▸ **Directions for this task**
Write each entry again exactly as shown, but without the images it holds.

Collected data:

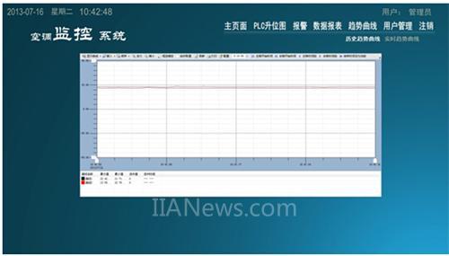 實(shí)時趨勢曲線畫面,可動態(tài)添加、刪除、隱藏變量曲線,對不同變量的變化趨勢進(jìn)行比較分析
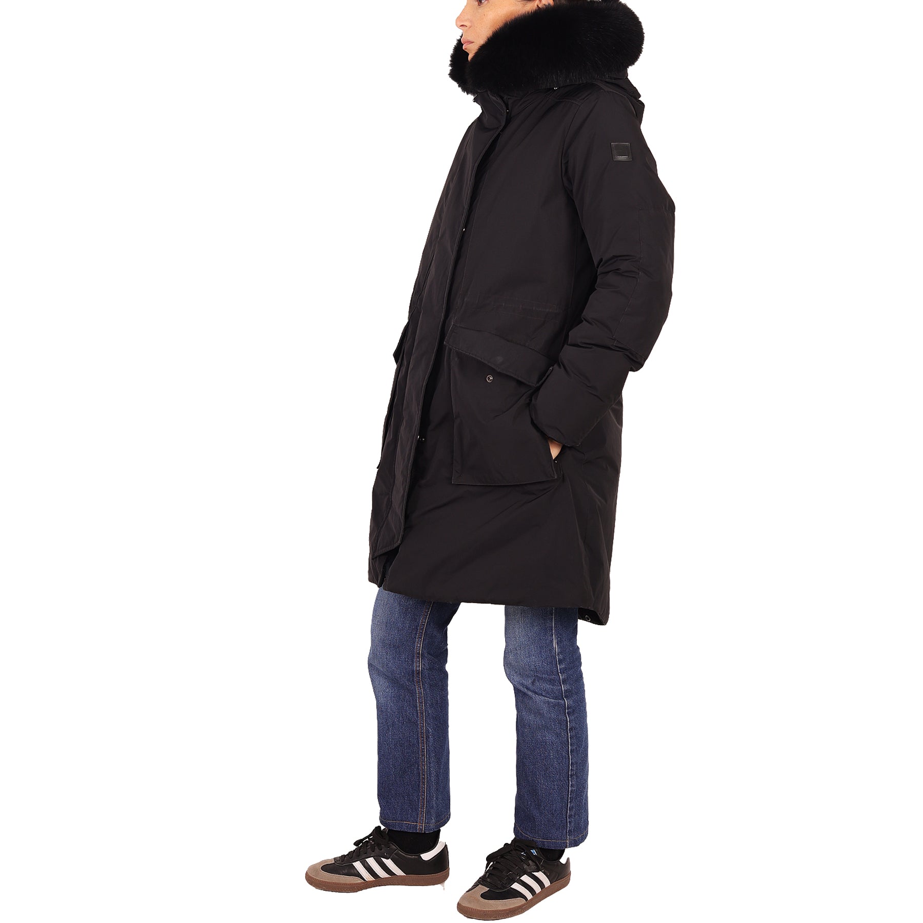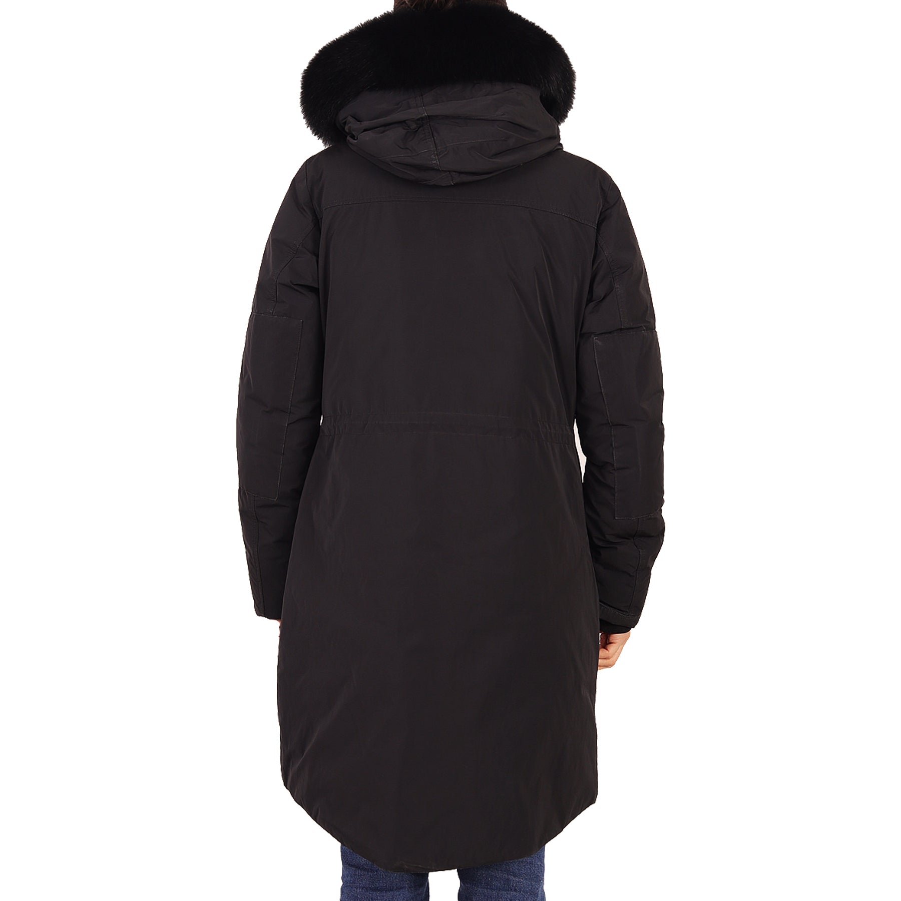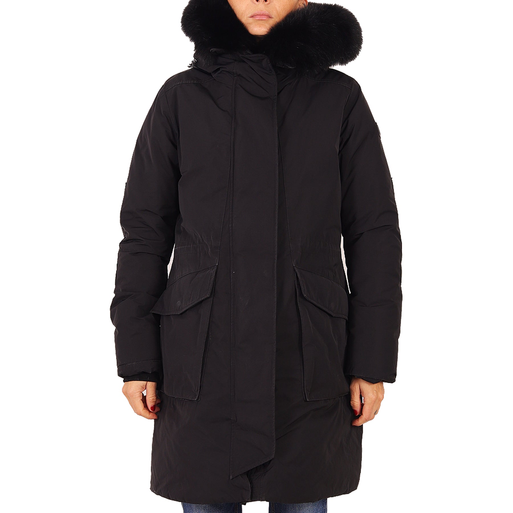 Piumino parka Woolrich, in tessuto impermeabile, colore nero, con tasche, chiusura con zip e bottoni nascosti, con cappuccio bordato in pelliccia nera rimovibile, con imbottitura in piuma, presenta micro imperfezioni
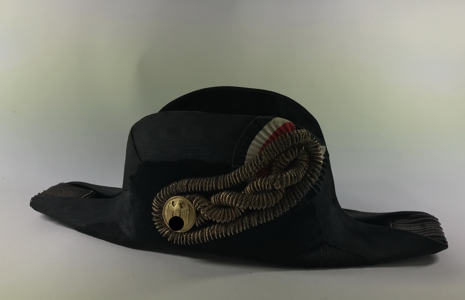 In a very good, very slightly worn condition. Black felt with black ribbed ribbon, on the side a silk folder black/red/gold cockade with gold button and large gold plated eagle.
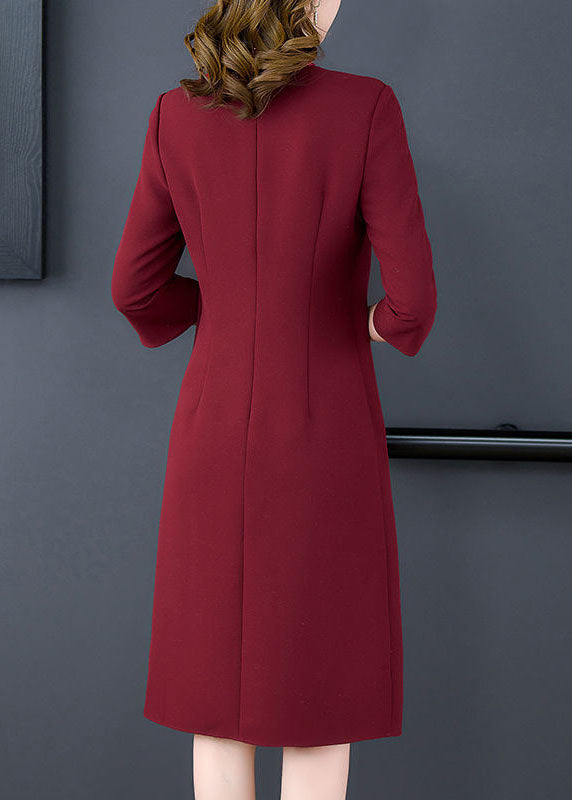 Women Mulberry V Neck Embroideried Silk Fake Two Piece Dress Bracelet Sleeve
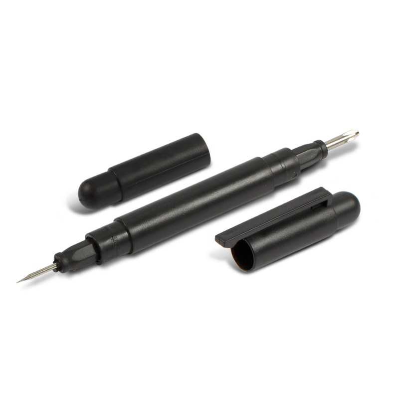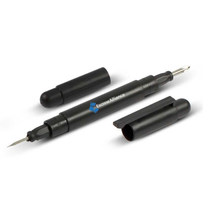 Mini promotional pocket screwdriver kit is a great advertising tool when pad and digital printed with your logo. It has two conventional and two Phillips screwdriver heads. The outer plastic holder acts as the screwdriver handle and has a magnetic port to hold the selected head in place.
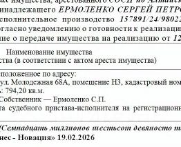 Нежилое помещение (погребная ячейка), кадастровый 22:63:040413:295, площадь 3,4 кв.м., адрес: Алтайский край, г. Барнаул, ул. Деповская, д. 4В. Начальная цена 79 549,80 руб. (Трояновская Л.А., арест, запрещения регистрации) (45...
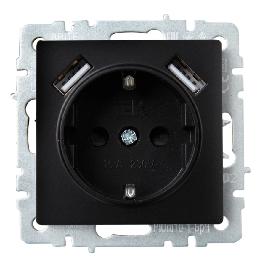 Силовая розетка IEK Brite РЮш10-1-БрЧ с USB A+А выполнена из высококачественного пластика, он устойчив к повреждениям и не выцветает со временем.
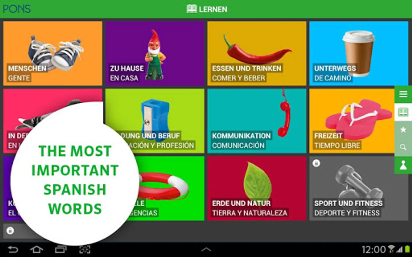With the PONS Picture Dictionary Spanish. you can view, listen to and learn over 15,000 words, translations, images and audio files. It’s the best combination to learn and remember vocabulary. Perfect for everybody who wants to start learning Spanish or keep training their Spanish skills.
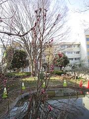 「学校環境緑化モデル事業」としてビオトープの改修と西門脇のミザクラの植樹をしました。
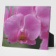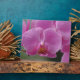 Cette plaque brillante de haute qualité présente de belles orchidées roses grillées de gouttes de pluie.
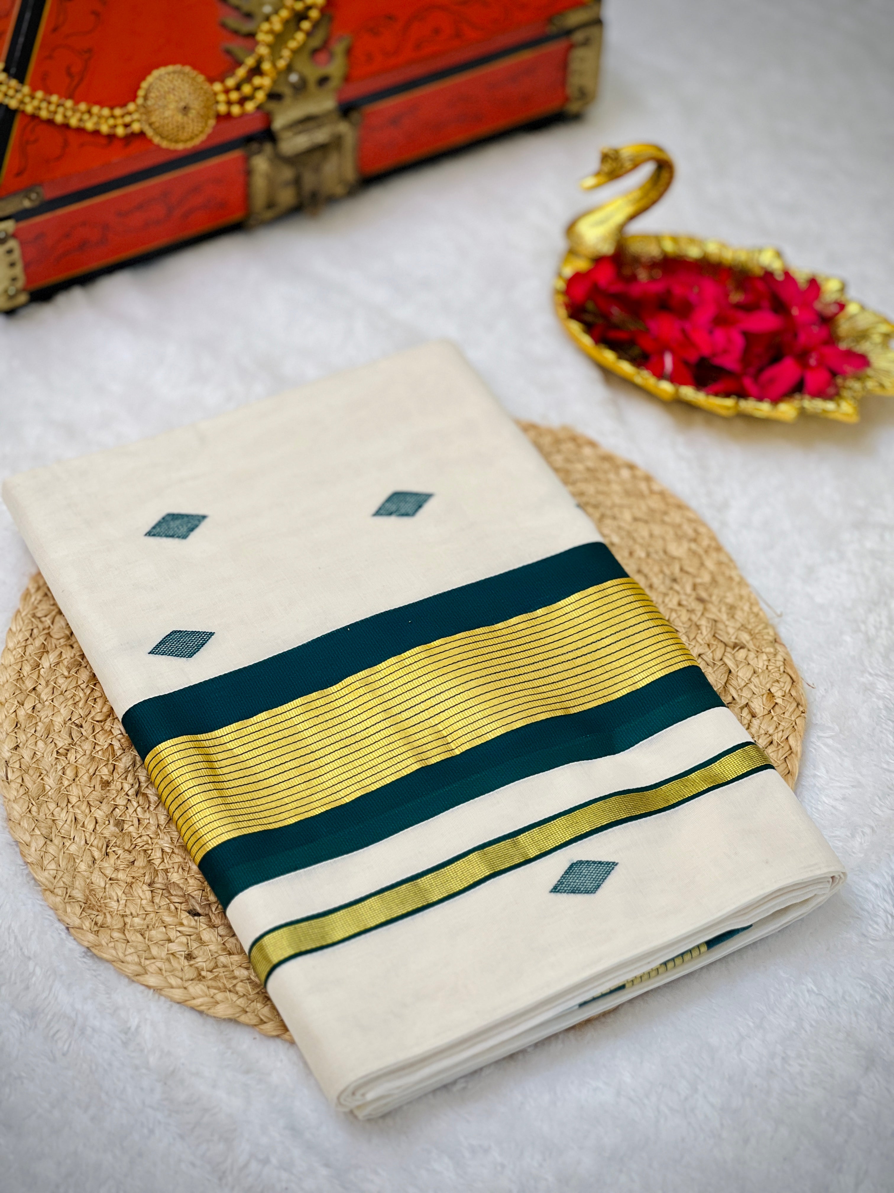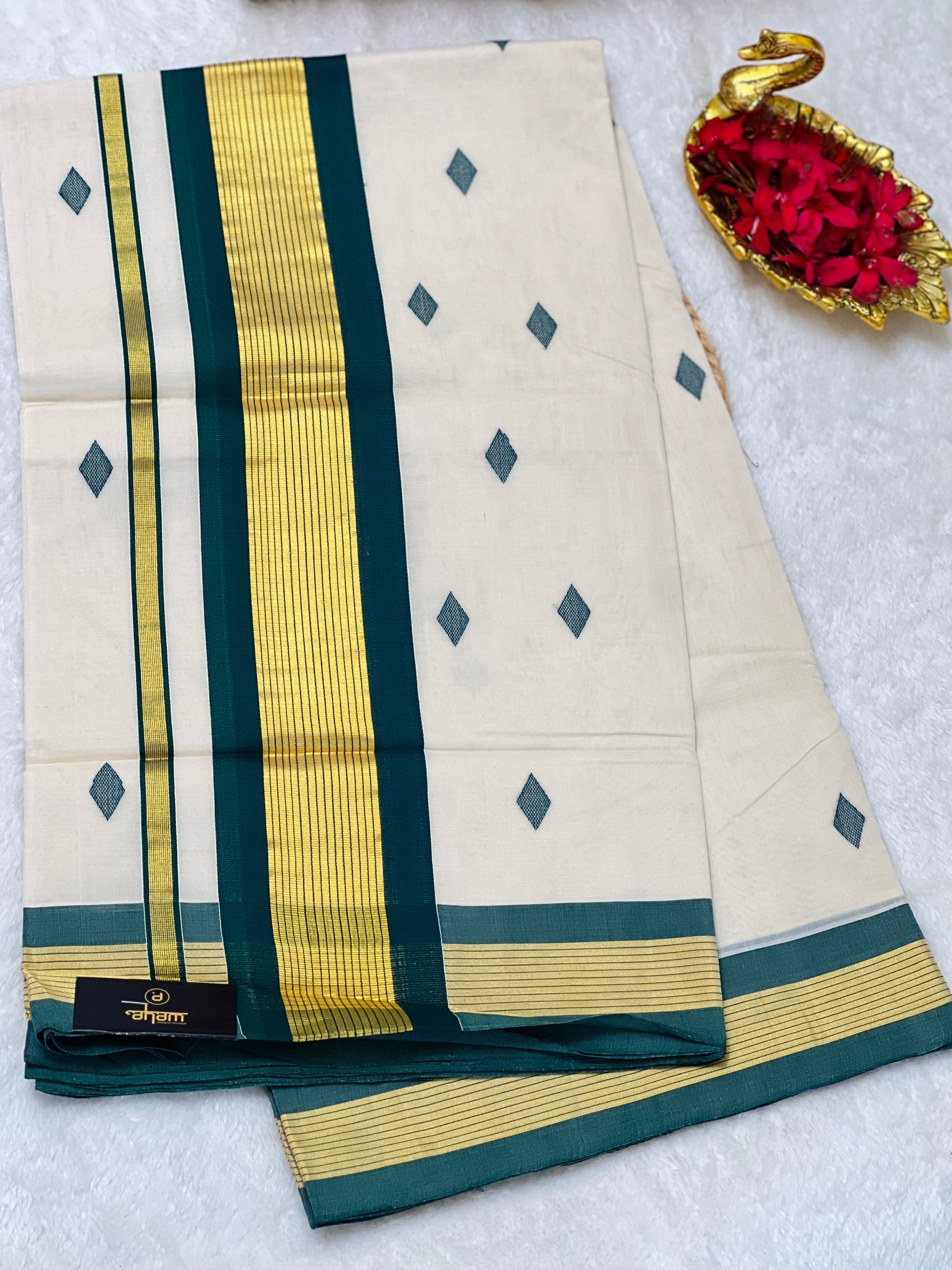 - Style: Golden Kasavu & Kara Detailing, Geometric Pattern
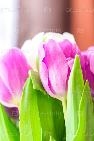 Крупный план букета белых и фиолетовых тюльпанов
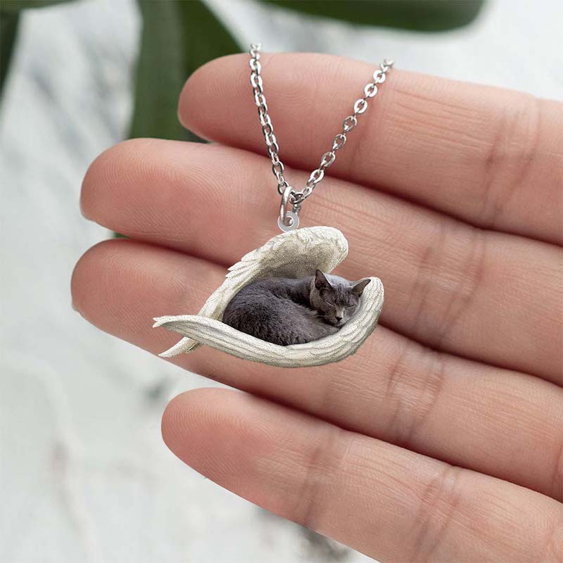 Russian Blue Cat Sleeping Angel Stainless Steel Necklace SN164
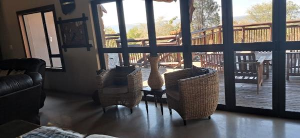A wonderful opportunity, a well designed 320 m2 home with 4 bedroom thatch roof house for sale at Highlands Wilderness Estate including all furniture and ranging vehicle.
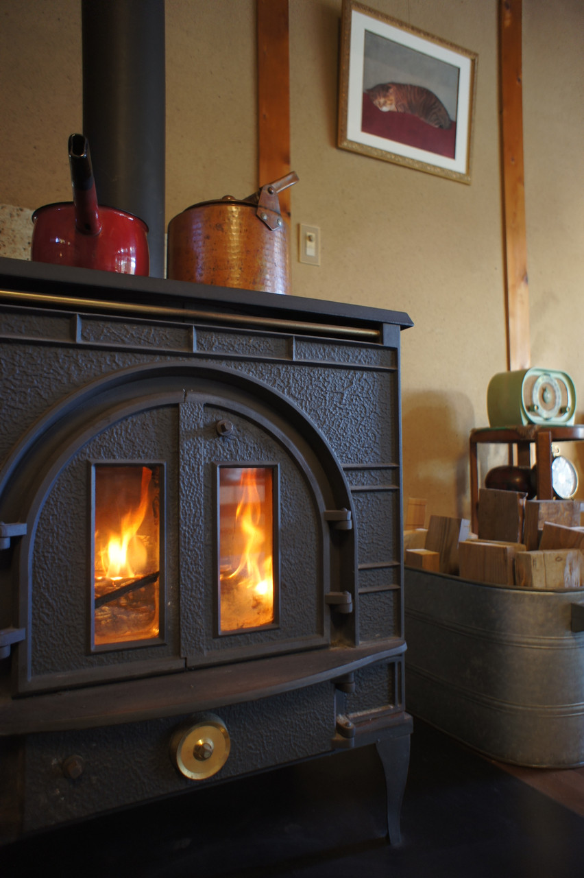 たまに行く、山間にある友達の家では、もう薪ストーブが。 奥のレトロなラジオもいいよな〜。 美味しいコーヒーを、いつも淹れてもらいます。
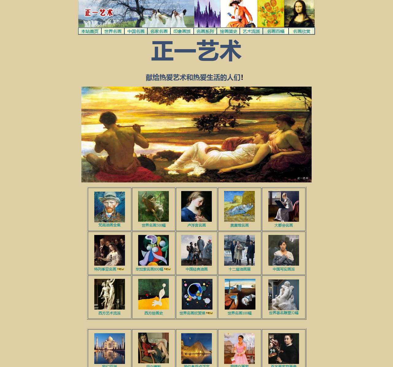 世界名画,艺术画廊,天下名胜,迷人风光,经典摄影,社会写真,神奇幽默,精彩纷呈,正一艺术,真正一流的艺术网站。站长寄语:我只把我喜欢的,轻轻地放到网上;追求画质品位,兼顾知识情趣;不求最多最全,但求你有所获。

▸ **Exercise solution**
 實(shí)時趨勢曲線畫面,可動態(tài)添加、刪除、隱藏變量曲線,對不同變量的變化趨勢進(jìn)行比較分析
 Piumino parka Woolrich, in tessuto impermeabile, colore nero, con tasche, chiusura con zip e bottoni nascosti, con cappuccio bordato in pelliccia nera rimovibile, con imbottitura in piuma, presenta micro imperfezioni
 In a very good, very slightly worn condition. Black felt with black ribbed ribbon, on the side a silk folder black/red/gold cockade with gold button and large gold plated eagle.
 Women Mulberry V Neck Embroideried Silk Fake Two Piece Dress Bracelet Sleeve
 Mini promotional pocket screwdriver kit is a great advertising tool when pad and digital printed with your logo. It has two conventional and two Phillips screwdriver heads. The outer plastic holder acts as the screwdriver handle and has a magnetic port to hold the selected head in place.
 Нежилое помещение (погребная ячейка), кадастровый 22:63:040413:295, площадь 3,4 кв.м., адрес: Алтайский край, г. Барнаул, ул. Деповская, д. 4В. Начальная цена 79 549,80 руб. (Трояновская Л.А., арест, запрещения регистрации) (45...
 Силовая розетка IEK Brite РЮш10-1-БрЧ с USB A+А выполнена из высококачественного пластика, он устойчив к повреждениям и не выцветает со временем.
With the PONS Picture Dictionary Spanish. you can view, listen to and learn over 15,000 words, translations, images and audio files. It’s the best combination to learn and remember vocabulary. Perfect for everybody who wants to start learning Spanish or keep training their Spanish skills.
 「学校環境緑化モデル事業」としてビオトープの改修と西門脇のミザクラの植樹をしました。
 Cette plaque brillante de haute qualité présente de belles orchidées roses grillées de gouttes de pluie.
 - Style: Golden Kasavu & Kara Detailing, Geometric Pattern
 Крупный план букета белых и фиолетовых тюльпанов
 Russian Blue Cat Sleeping Angel Stainless Steel Necklace SN164
A wonderful opportunity, a well designed 320 m2 home with 4 bedroom thatch roof house for sale at Highlands Wilderness Estate including all furniture and ranging vehicle.
 たまに行く、山間にある友達の家では、もう薪ストーブが。 奥のレトロなラジオもいいよな〜。 美味しいコーヒーを、いつも淹れてもらいます。
 世界名画,艺术画廊,天下名胜,迷人风光,经典摄影,社会写真,神奇幽默,精彩纷呈,正一艺术,真正一流的艺术网站。站长寄语:我只把我喜欢的,轻轻地放到网上;追求画质品位,兼顾知识情趣;不求最多最全,但求你有所获。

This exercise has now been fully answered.